Inhaler Trainer Efficacy Study

Inhaler Trainer Efficacy Study: Interactive Training Tool Providing Technique Feedback for COPD/Asthma Medication Delivery

This will be a randomized, controlled, clinical trial. The investigators aim to determine the feasibility of and efficacy of the Inhaler Trainer Device for ongoing inhaler skill training.

The research team will enroll 140 patients from the inpatient or outpatient setting from the University of Chicago Medicine over the course of up to 12 months. Participants will complete assessments, a lung function test via spirometry, and inhaler education via either the Inhaler Trainer Device learning program or Brief Intervention.
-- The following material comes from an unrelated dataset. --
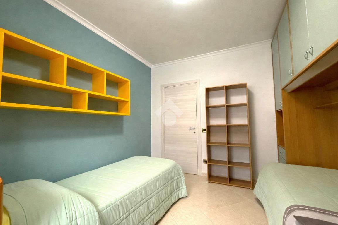 VIA REGGIO CALABRIA: l'immobile si trova al secondo piano di un edificio ben posizionato, ed è composto da un ampio ambiente unico che ospita l'angolo cucina e la zona giorno, creando un'area funzionale e luminosa. All'ingresso, si accede direttamente a questa zona open space, che permette una gestione fluida degli spazi. Un corridoio collega l'area giorno a vari locali di servizio: una lavanderia, una cameretta, una camera da letto e un bagno, offrendo comfort e praticità per un utilizzo quotidiano.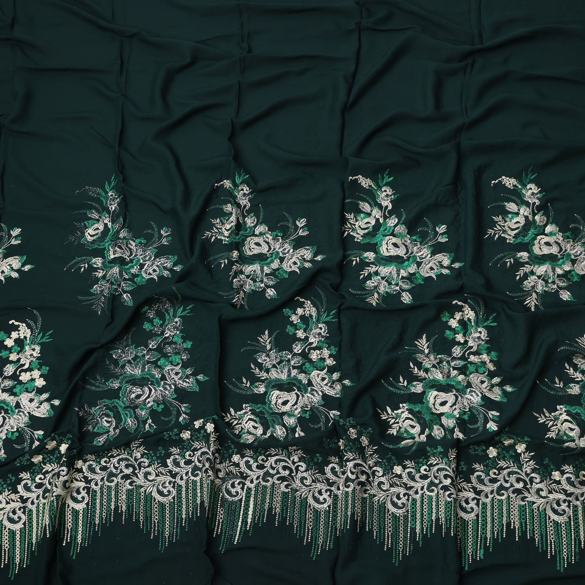 Dark Green Cotton Fabric with Floral Thread & Sequin Embroidery Design, 140 Cms Width, 3 Meters Piece, Made in India-D23672

All participants will return at 6 weeks (window of +/- one week) post-initial inhaler education for an in-person evaluation of their inhaler skills, lung function, and acute care utilization. Finally, a post-study semi-structured interview will be conducted to gather feedback on the device after the 6-week visit has been completed.

Study Overview

• Status: Recruiting
• Conditions: Asthma; Copd; Acute Exacerbation of COPD
• Intervention / Treatment: Device: Inhaler Trainer System; Other: Initial Inhaler Use Assessment; Other: Inhaler Use Instruction

Detailed Description

The research team will enroll 140 patients from the inpatient or outpatient setting from the University of Chicago Medicine inpatient services, COPD/APN clinic, general medicine clinic, and/or Pulmonary clinic until all participants have been enrolled (approximately over the course of 12 months).

Patients will be randomized into one of two treatment conditions: one including use of the inhaler training device and one with our standard brief intervention.

After obtaining informed consent, participants will complete assessments, including a lung function test via spirometry, and inhaler education via either the Inhaler Trainer Device learning program or standard education techniques. Participants randomized to the inhaler training device arm will be trained on how to use their inhaler and the inhaler trainer device. The Inhaler Trainer Device will monitor the patient's inspiratory waveform to confirm technique compliance based on objective metrics and provide feedback on how to better perform technique.

Participants will continue to use their inhaled medications with the inhaler trainer device for 6 weeks post-baseline. They will return at 6 weeks post-initial instruction for an in-person evaluation of their inhaler skills, lung function, and acute care utilization. Finally, a post-study semi-structured interview will be conducted to gather feedback on the device after the 6-week visit has been completed. This interview will occur either during the 6-week follow-up visit or at a later time via phone call or zoom call. In the interview, a standard elicitation framework guided by the Integrative Model (IM) of Behavioral Prediction and Change will be used to generate feedback on training experience. The research team will also prompt participants to give feedback on the design, content, and functionality of the inhaler and training system. Additional prompts and questions will be used to ensure that information is provided that speaks to participants' perceptions of the positive and negative consequences related to using the trainer.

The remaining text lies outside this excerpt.